Bear hunting will soon be legal in Florida after state wildlife regulators approved the idea at a meeting in Jacksonville Wednesday.
Florida Fish and Wildlife Conservation commissioners listened to a staff presentation that included hunting as a way to manage the black bear population and reduce the number of human-bear encounters. “Bear hunting can be one tool, one part of a comprehensive approach that helps with bear conflict but we are not proposing hunting as a means to solve conflicts particularly in suburban areas where staff is not thinking we’re going to have hunters out in suburban neighborhoods where these conflicts are occurring”, said Dr. Thomas Eason Director, Division of Habitat and Species Conservation.
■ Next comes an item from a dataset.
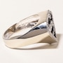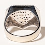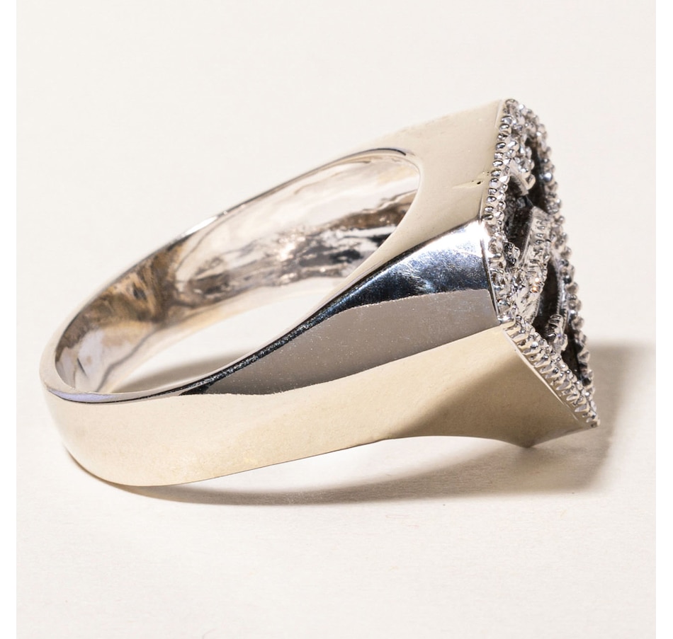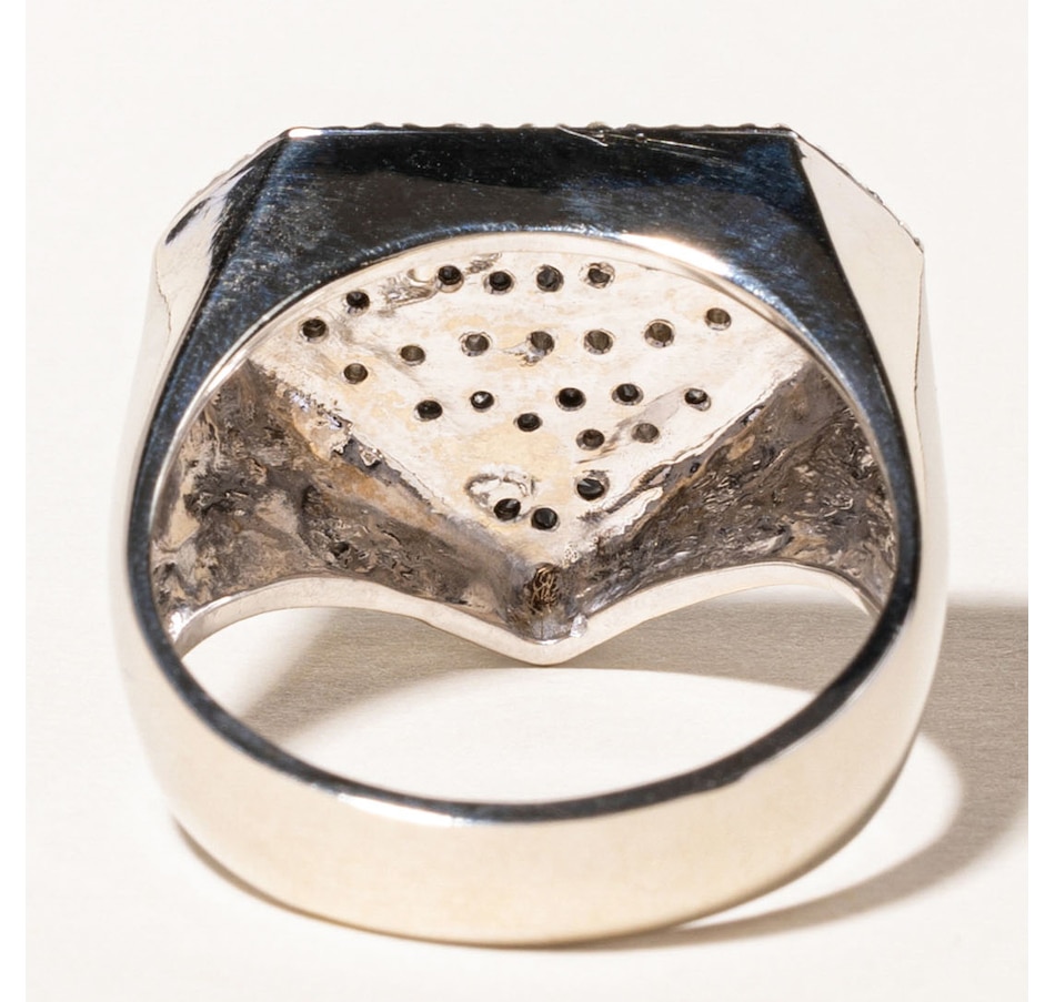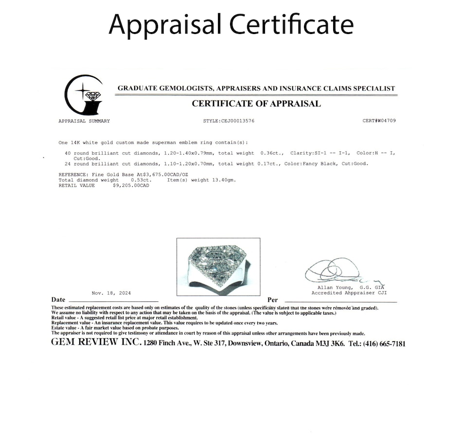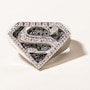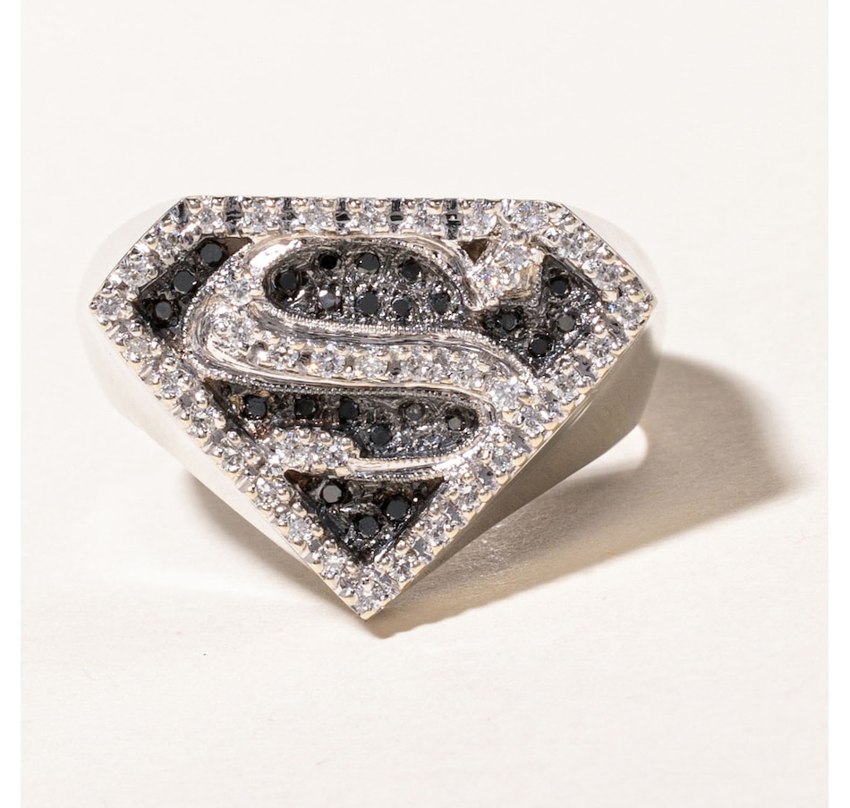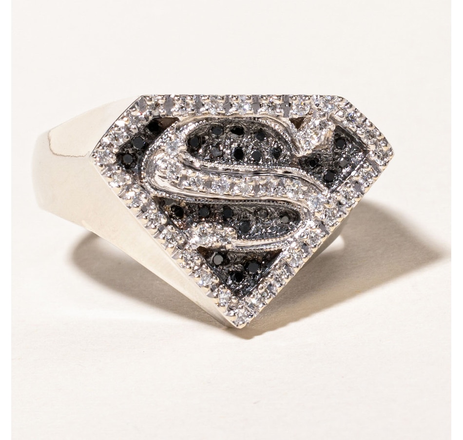 This stunning 14K white gold Superman logo ring is a bold statement piece for fans of the iconic superhero. Expertly crafted, the ring features the unmistakable raised "S" emblem and shield brought to life with 40 dazzling white round, brilliant-cut diamonds that sparkle magnificently against the polished white gold. An additional 24 black-coloured diamonds fill the recessed background. The intricate detailing of the logo is accentuated by the contrast between the shimmering diamonds and the sleek angular high polished metallic finish of the shank. Perfect for anyone seeking a unique combination of luxury and fandom, this ring is both elegant and empowering. The 64 diamonds combine for 0.53 carats.

The commission is also considering letting property owners use non-lethal means to scare away bears, including paintball guns and slingshots. Property owners could also apply for permission to permanently remove bears when other, non-lethal methods fail. The idea of killing bears because they wander into populated areas looking for food and then refuse to leave infuriates Apopka, Florida resident Velva Peterson.
“Why does the bear have to die", Peterson asked. "We have destroyed so much of their habitat, they’re forced to go someplace else. Where can they go? People are the problem. We just continue to do what we feel like doing and the bear has to suffer.”
There have been four serious bear attacks in Florida in the past 13 months. And this past September, a 300-pound black bear was removed from a fenced in enclosure outside a Jacksonville Beach condominium and relocated to a wooded area near Starke. The bear was later euthanized after turning up in Green Cove Springs.